The Wolfson Prize on how to break up the euro (incidentally I am one of the judges) is completely at odds with the German policy establishment’s ideology, writes Ambrose Evans-Pritchard in The Telegraph, here.
Excerpts:
“The German elites seem to believe that a new cycle of global growth is safely under way after the nasty scare of the winter, and that the European Central Bank has done more than enough to shore up Club Med and the EMU banking system – too much, if anything, risking an inflationary surge (in their view, obviously, not mine).”
“There is almost no intellectual recognition – except among those who have lived abroad and worked in global finance – that monetary union has become an engine of contractionary havoc along the lines of the 1930s Gold Standard (…) or that Euroland would be in crisis today whether or not the Greeks fiddled their books a decade ago, or even if Spain and Ireland had taken drastic measures to offset ECB stimulus six years ago.”
The Evans-Pritchard answer to the Wolfson question is as follows: “the only way to break up EMU without a disaster is for the Teutonic bloc to withdraw, leaving a Latin euro with the existing institutions of monetary union intact and euro contracts upheld.” (I suggested another solution in my recent book, “Euro Exit”).
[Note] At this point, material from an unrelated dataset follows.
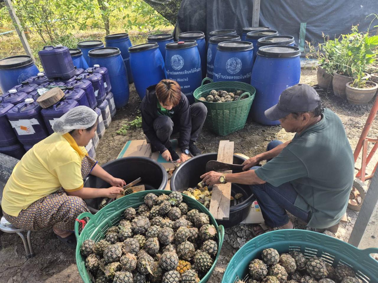 สำหรับเจ้าหน้าที่ สพด.นนทบุรี ได้ติดตามผลการดำเนินงานของกลุ่มเกษตรกรที่นำวัสดุเหลือใช้ทางการเกษตรและครัวเรือน นำกลับมาหมุนเวียนโดยใช้เศษปลา เศษข้าวสวย ผลิตเป็นน้ำหมักชีวภาพ เพื่อลดต้นทุนการผลิตและเป็นการช่วยรักษาสิ่งแวดล้อม ส่งเสริมให้มีการนําวัสดุเหลือใช้ทางการเกษตรในหมู่บ้านมาหมุนเวียนให้เกิดประโยชน์ตามหลักการของ BCG Economy Model (Bioeconomy Circular Economy Green Economy)ทั้งนี้ได้เตรียมดำเนินการนำผลไม้เหลือใช้ทางการเกษตรทำน้ำหมักชีวภาพเพื่อเตรียมสำหรับให้คนในชุมชนนำเศษปลา เศษข้าวสวย และวัสดุเหลือใช้ทางการเกษตรและในครัวเรือน มาต่อยอดขยายทำน้ำหมักใช้ในพื้นที่การเกษตรเพื่อลดต้นทุนการผลิตต่อไป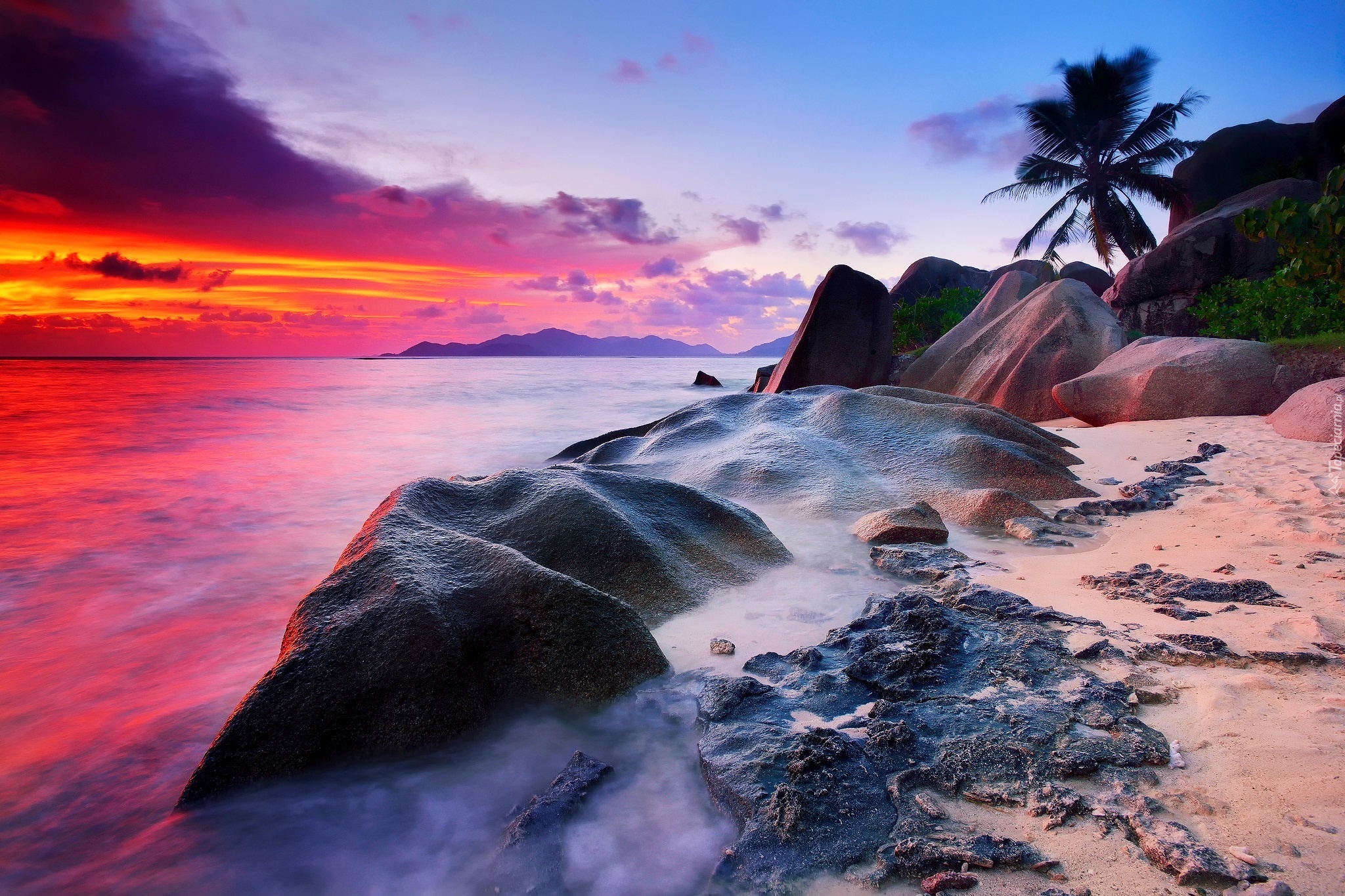 Edytor tapety: Ocean, Plaża, Głazy, Różowy, Zachód Słońca

But, he adds, this will of course not happen. “Politics prohibit such a painless liberation. There is no figure in Germany able or willing to lead such a move. He intellectual ground has not been prepared. (…) The Project will be defended by its fanatics in the bunkers until the social, political, and diplomatic landscape has been reduced to ruble …”
Meanwhile, after having repeated for many years that European governments had to “save” the euro, George Soros now says that if he were still an active investor, he would “bet against the euro”.
PS: A reminder, by David Beckworth, of the Paul Krugman’s diagnosis (in February this year) of what, really, ails Europe, here.